►
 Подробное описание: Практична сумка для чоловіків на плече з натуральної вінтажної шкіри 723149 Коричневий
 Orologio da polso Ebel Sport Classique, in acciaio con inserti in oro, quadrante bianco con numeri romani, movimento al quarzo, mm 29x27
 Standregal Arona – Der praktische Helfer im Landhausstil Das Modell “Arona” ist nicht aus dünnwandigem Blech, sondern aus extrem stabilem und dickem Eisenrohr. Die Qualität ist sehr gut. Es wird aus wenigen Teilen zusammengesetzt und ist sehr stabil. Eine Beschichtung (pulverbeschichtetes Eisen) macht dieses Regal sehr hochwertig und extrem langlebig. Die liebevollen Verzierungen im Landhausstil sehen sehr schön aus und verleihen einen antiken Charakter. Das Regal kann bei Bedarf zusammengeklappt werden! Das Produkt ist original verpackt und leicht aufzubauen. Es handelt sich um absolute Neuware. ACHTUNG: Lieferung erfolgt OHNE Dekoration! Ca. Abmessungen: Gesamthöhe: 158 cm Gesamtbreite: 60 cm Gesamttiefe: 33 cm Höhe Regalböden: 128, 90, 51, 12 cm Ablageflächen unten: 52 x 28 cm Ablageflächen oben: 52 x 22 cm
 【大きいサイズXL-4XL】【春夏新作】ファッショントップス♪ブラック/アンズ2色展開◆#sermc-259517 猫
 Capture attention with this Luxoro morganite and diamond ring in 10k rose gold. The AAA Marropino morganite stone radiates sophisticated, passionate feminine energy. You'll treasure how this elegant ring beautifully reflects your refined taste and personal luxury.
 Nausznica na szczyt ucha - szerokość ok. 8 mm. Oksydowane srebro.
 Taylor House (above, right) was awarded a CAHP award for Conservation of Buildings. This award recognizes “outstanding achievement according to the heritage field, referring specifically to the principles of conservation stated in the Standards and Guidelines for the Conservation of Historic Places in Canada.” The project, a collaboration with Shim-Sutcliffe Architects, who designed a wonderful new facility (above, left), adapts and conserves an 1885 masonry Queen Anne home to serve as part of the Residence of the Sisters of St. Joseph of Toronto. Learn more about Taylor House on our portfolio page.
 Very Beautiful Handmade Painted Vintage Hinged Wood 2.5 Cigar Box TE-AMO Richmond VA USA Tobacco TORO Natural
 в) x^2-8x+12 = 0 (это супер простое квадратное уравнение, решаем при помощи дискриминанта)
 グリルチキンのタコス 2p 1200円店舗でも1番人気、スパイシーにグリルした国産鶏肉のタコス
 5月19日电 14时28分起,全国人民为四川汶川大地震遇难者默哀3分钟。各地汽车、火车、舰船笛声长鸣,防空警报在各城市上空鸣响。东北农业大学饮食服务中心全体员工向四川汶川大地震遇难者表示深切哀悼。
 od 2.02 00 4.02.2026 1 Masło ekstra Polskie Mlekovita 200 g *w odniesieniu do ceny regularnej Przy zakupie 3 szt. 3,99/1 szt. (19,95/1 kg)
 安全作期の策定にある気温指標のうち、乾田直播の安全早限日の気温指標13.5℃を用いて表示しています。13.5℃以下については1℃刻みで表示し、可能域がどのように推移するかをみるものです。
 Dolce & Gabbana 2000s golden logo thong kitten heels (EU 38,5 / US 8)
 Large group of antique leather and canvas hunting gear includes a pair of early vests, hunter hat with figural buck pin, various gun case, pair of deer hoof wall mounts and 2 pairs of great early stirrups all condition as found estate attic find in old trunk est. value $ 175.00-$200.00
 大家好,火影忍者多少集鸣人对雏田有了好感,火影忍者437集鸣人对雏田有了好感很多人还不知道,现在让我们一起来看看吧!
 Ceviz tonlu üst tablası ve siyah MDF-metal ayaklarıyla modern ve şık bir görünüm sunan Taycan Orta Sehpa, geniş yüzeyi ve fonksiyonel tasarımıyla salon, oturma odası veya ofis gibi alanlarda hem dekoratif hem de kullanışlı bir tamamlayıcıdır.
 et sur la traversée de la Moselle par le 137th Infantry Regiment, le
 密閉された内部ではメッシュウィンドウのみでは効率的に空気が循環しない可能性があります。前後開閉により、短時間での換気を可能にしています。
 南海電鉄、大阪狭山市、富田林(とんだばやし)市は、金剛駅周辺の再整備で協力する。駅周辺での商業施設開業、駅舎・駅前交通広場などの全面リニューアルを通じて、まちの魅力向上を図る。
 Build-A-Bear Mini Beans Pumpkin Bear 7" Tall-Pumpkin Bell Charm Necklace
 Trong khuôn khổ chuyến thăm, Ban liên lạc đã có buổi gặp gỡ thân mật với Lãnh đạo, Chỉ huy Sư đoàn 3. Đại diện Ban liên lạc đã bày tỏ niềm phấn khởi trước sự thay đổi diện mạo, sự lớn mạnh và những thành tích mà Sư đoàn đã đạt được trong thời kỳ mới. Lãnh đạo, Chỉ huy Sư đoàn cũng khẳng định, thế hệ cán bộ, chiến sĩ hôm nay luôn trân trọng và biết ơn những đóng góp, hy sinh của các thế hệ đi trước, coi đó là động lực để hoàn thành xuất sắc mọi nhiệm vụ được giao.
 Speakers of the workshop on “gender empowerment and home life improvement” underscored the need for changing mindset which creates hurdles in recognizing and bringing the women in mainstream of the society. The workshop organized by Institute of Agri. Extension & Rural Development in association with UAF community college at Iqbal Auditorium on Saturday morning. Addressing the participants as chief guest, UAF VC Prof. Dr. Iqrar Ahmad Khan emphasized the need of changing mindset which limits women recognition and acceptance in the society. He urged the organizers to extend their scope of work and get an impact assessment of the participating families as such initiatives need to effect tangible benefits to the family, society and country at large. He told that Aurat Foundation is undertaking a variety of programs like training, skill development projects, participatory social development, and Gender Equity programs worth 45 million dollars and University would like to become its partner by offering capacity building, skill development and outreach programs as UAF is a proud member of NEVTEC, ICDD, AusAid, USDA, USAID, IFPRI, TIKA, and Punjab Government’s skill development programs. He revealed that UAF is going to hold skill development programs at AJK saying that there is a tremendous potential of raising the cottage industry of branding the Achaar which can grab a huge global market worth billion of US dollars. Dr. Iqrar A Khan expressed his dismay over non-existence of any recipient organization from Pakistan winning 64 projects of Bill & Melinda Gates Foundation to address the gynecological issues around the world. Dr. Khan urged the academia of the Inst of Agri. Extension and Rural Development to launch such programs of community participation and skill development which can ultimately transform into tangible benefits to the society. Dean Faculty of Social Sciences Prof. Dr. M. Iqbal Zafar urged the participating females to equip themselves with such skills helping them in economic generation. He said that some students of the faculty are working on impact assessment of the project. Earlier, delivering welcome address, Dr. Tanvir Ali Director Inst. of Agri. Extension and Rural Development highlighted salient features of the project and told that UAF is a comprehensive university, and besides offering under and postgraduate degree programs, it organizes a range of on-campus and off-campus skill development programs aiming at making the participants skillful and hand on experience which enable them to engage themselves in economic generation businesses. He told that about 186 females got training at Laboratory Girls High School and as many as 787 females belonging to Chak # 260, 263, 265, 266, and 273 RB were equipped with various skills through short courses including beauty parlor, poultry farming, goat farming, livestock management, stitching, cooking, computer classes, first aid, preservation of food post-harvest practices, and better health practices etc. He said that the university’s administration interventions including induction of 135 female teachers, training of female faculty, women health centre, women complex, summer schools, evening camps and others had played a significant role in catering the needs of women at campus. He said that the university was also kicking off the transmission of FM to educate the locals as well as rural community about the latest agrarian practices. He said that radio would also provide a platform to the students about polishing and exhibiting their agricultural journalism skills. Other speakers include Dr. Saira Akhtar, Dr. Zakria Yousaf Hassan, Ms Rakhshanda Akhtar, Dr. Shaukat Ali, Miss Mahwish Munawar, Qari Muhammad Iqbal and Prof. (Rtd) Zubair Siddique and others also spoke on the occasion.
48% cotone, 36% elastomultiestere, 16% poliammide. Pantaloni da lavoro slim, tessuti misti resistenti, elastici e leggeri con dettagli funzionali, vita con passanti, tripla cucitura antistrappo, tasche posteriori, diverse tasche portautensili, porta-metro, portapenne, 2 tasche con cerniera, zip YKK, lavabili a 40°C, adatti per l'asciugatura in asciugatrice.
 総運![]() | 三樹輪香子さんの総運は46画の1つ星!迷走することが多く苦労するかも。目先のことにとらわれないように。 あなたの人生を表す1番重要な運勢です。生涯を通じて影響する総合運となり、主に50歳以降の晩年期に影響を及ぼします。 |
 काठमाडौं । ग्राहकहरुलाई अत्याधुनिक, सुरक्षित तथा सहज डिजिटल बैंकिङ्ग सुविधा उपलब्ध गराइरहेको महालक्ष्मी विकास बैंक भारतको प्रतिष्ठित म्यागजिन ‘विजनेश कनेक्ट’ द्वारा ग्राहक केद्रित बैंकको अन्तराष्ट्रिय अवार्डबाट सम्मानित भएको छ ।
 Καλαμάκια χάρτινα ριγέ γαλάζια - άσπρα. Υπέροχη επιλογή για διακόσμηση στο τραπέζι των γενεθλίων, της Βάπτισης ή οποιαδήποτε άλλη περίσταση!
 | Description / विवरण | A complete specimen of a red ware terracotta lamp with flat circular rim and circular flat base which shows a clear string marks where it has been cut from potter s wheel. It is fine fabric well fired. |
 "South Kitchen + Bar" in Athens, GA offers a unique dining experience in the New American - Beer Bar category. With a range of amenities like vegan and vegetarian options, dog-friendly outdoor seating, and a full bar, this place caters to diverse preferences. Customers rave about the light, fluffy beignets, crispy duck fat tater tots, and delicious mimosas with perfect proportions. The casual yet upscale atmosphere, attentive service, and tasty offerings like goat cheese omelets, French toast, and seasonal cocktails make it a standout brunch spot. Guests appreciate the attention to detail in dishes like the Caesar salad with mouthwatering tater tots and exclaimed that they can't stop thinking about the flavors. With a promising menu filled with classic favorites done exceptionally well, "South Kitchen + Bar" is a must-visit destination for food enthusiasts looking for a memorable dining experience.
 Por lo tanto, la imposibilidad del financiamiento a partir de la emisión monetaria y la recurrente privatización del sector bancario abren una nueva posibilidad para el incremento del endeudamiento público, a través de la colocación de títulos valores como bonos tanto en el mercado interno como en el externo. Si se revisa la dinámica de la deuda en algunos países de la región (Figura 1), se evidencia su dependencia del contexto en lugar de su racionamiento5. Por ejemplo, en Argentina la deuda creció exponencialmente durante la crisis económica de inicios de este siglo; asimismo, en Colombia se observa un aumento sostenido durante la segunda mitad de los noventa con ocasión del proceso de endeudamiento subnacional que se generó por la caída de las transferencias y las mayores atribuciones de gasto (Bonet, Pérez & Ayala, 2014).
◄
◆ Exercise brief:
Please copy, exactly and with nothing else, the lines above beginning at the line that has "大家好,火影忍者多少集鸣人对" and ending with the line that has "Ceviz tonlu üst".

◆ Finished exercise:
 大家好,火影忍者多少集鸣人对雏田有了好感,火影忍者437集鸣人对雏田有了好感很多人还不知道,现在让我们一起来看看吧!
 Ceviz tonlu üst tablası ve siyah MDF-metal ayaklarıyla modern ve şık bir görünüm sunan Taycan Orta Sehpa, geniş yüzeyi ve fonksiyonel tasarımıyla salon, oturma odası veya ofis gibi alanlarda hem dekoratif hem de kullanışlı bir tamamlayıcıdır.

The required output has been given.